嫉妒、不甘、还有一丝隐隐的恐惧,啃噬着素儿的心。
她以为自己来到南疆,能抢占先机。可那个本该早早死去的贱婢,却在京城混得风生水起。
甚至弄出了连她都闻所未闻的奇器!
宋珩将素儿瞬间变幻的神色看在眼里,眸光微闪。
他挥退亲卫,摇着扇子,状似无意地问道:“素儿姑娘来自京城,可曾听闻过这位陆娘娘,以及她所造的自行车?”
素儿连忙低头,掩饰眼中的情绪,声音尽量平稳:“民女离京前,陆娘娘确已有些名声,但民女身份低微,未曾得见。这自行车更是闻所未闻。”
她不能露馅,必须装作一无所知。
“闻所未闻?”宋珩笑了笑,那笑意却未达眼底,“本王倒是好奇得很。两轮之物,不借畜力而能载人疾行……不知与素儿姑娘所知的海外残卷中记载的奇物相比,孰高孰低?”
这话带着明显的试探和比较意味。
素儿手心冒汗,她哪里知道什么自行车原理!
但此刻绝不能露怯。
她稳了稳心神,道:“王爷,海外奇物浩瀚,民女所记不过沧海一粟。这自行车既能得韩将军与兵部看重,想必确有不凡之处。然尺有所短,寸有所长。民女所献之策,或许粗浅,但亦是民女一片报效之心。且民女以为,器物之利,终为外用。如何聚拢人心、把握时机、善用资源,方是成事根本。”
宋珩深深看了她一眼,不置可否,只道:
“你说的也有道理。罢了,香露之事,你便先试着做做看。需要什么材料,找王管事支取。做得好,本王有赏。”
“谢王爷。
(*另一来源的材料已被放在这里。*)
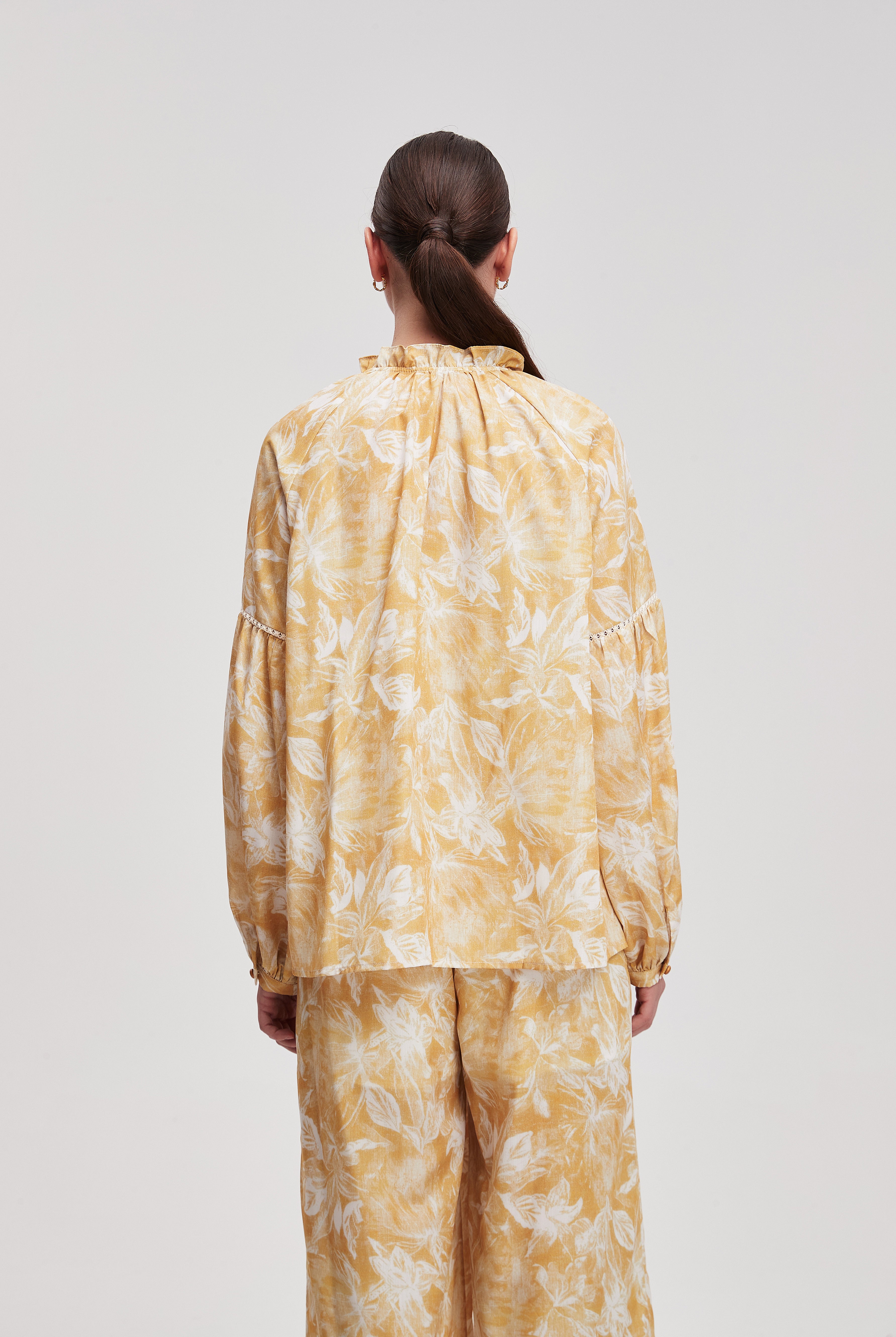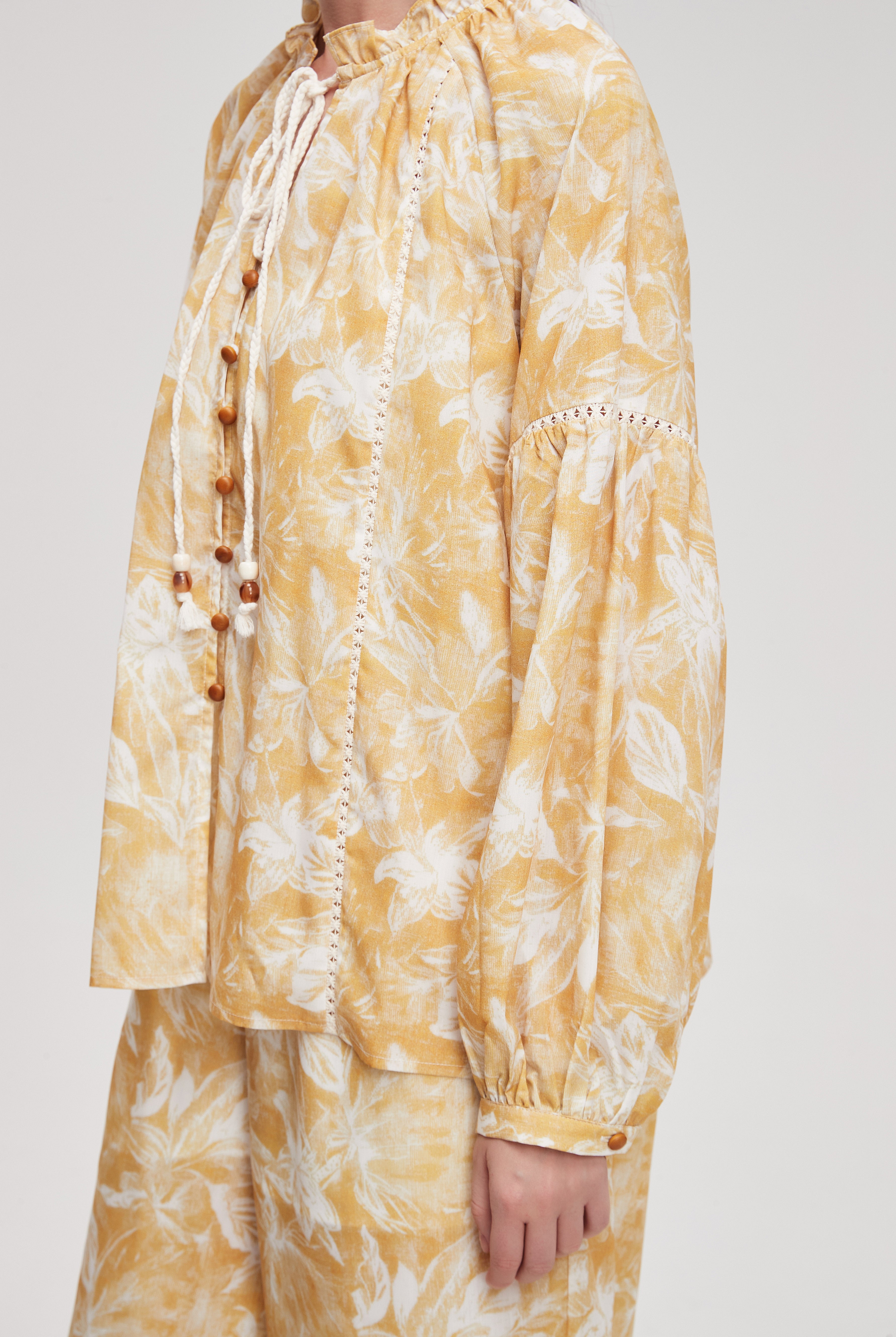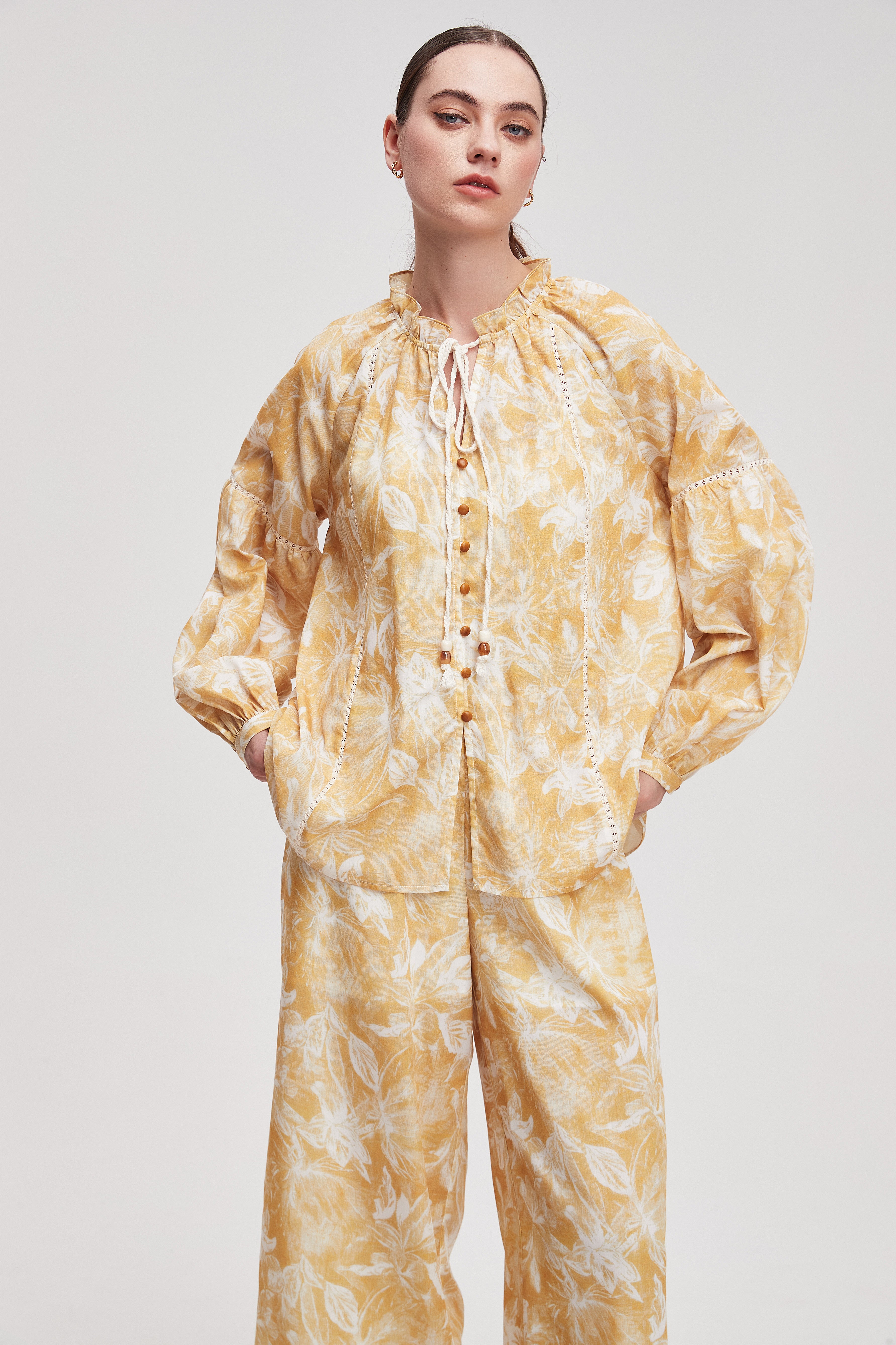 فميص سادة كم طويل بياقة وأزرار أمامية
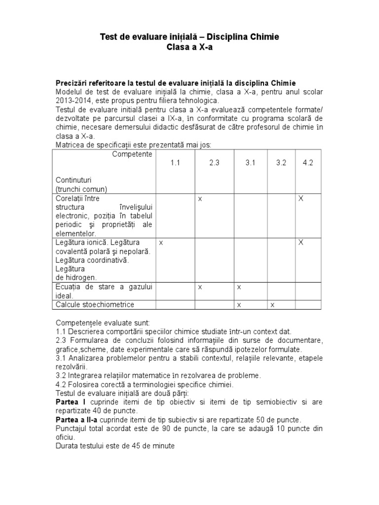 Model Test Evaluare Initiala Chimie Clasa Aviia Anca2009 28 08 2018 Sheet Music Person
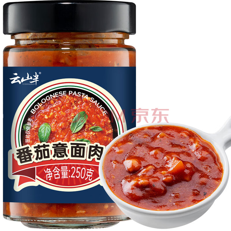 商品相册:云山半番茄意面肉酱250g意大利面酱意粉通心粉拌面酱西餐调味番茄酱第
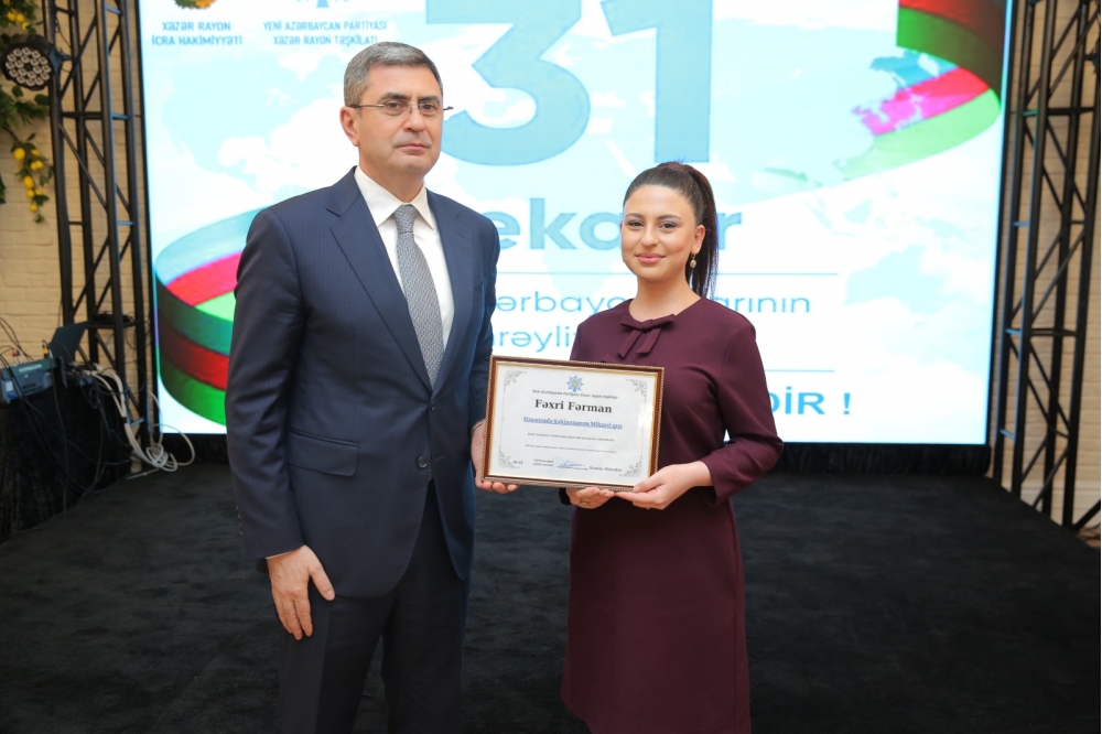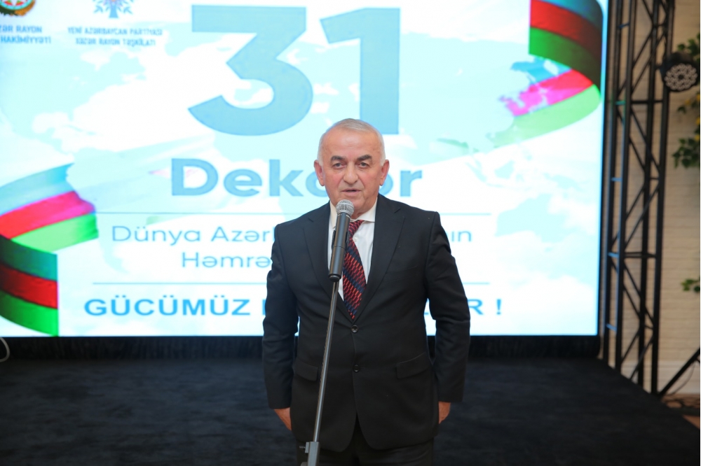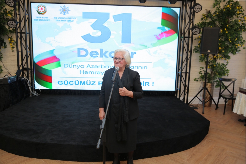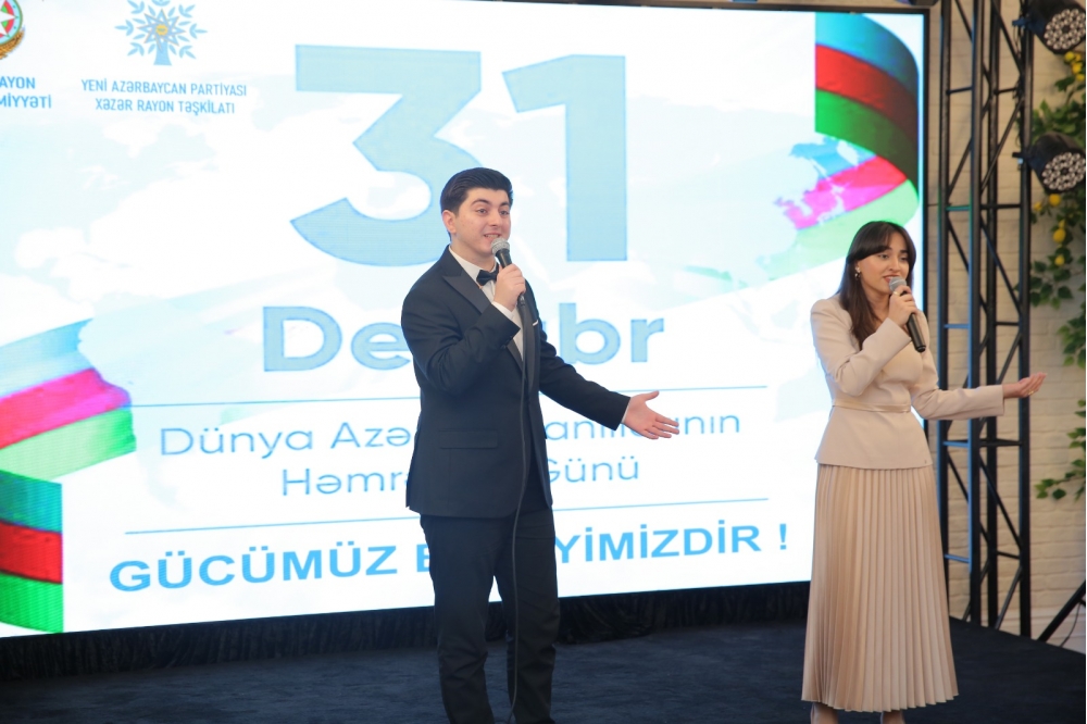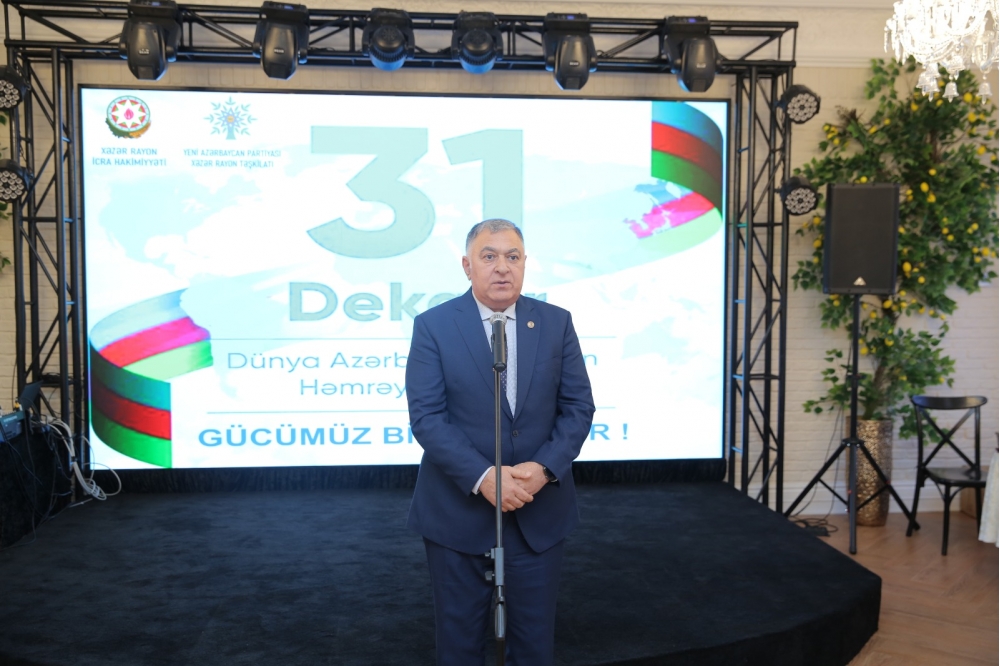 Dekabrın 29-da Xəzər Rayon İcra Hakimiyyəti və Yeni Azərbaycan Partiyası Xəzər rayon təşkilatının birgə təşkilatçılığı ilə “31 Dekabr – Dünya Azərbaycanlılarının Həmrəyliyi Günü” və qarşıdan gələn Yeni il münasibətilə bayram tədbiri təşkil olunub.

”素儿暗自松了口气,知道自己暂时过关了。
但陆声晓和自行车的消息,像一根刺扎进了她心里。
她必须更快地站稳脚跟,获得更多权力和资源!
不能再让那个贱人永远压她一头!
退出水榭,回到宋珩安排给她暂住的一处偏僻小院。
素儿关上门,脸上强装的平静瞬间碎裂,变得阴郁无比。
“自行车……”
她咬牙切齿地低语,在狭小的房间里来回踱步。
前世她死得早,完全不知道陆声晓后来还有这般造化。
这一世,因为自己的重生,一切似乎都乱了套。
陆声晓不仅没死,反而走上了一条截然不同、更耀眼也更危险的路。
但她素儿也不是全无机会!
岭南天高皇帝远,南安郡王有野心也有实力,只要她运作得当……
香水只是第一步,她记得前世后来似乎有一种叫水泥的东西,筑城修路极为坚固。
还有玻璃,晶莹剔透,价值连城……
虽然具体配方工艺她记不清,但大概方向她知道!
只要给她时间,给她人手和资源,她一定能弄出来!
到时候,看谁更能帮助郡王成就大业!
她坐到简陋的妆台前,看着铜镜中那张暗黄平庸的脸,眼中燃烧起熊熊的野心之火。
陆声晓,你不过是侥幸得了摄政王一时青眼,弄出些奇技淫巧罢了。
待我在南疆站稳脚跟,助郡王积蓄力量,他日未必不能与你,与你背后的摄政王,一争高下!
她开始仔细回忆关于香水制作的一切模糊记忆。
花瓣、蒸馏、冷凝、收集……
需要特定的花,需要铜制蒸馏器,需要控制火候……
很多细节都模糊了,但她可以试!
一次不行就十次,百次!
她就不信,凭借先知先觉,她还搞不出点像样的东西!
而水榭中的宋珩,在素儿离开后,脸上的慵懒之色尽去。
他走到栏边,望着北方京城的方向,手指无意识地敲击着栏杆。
“自行车……有意思。”
他低声自语。
“宋北焱,看来你对这个女子,倒真是不一般。连这等奇物都允她摆弄,甚至考虑军用……”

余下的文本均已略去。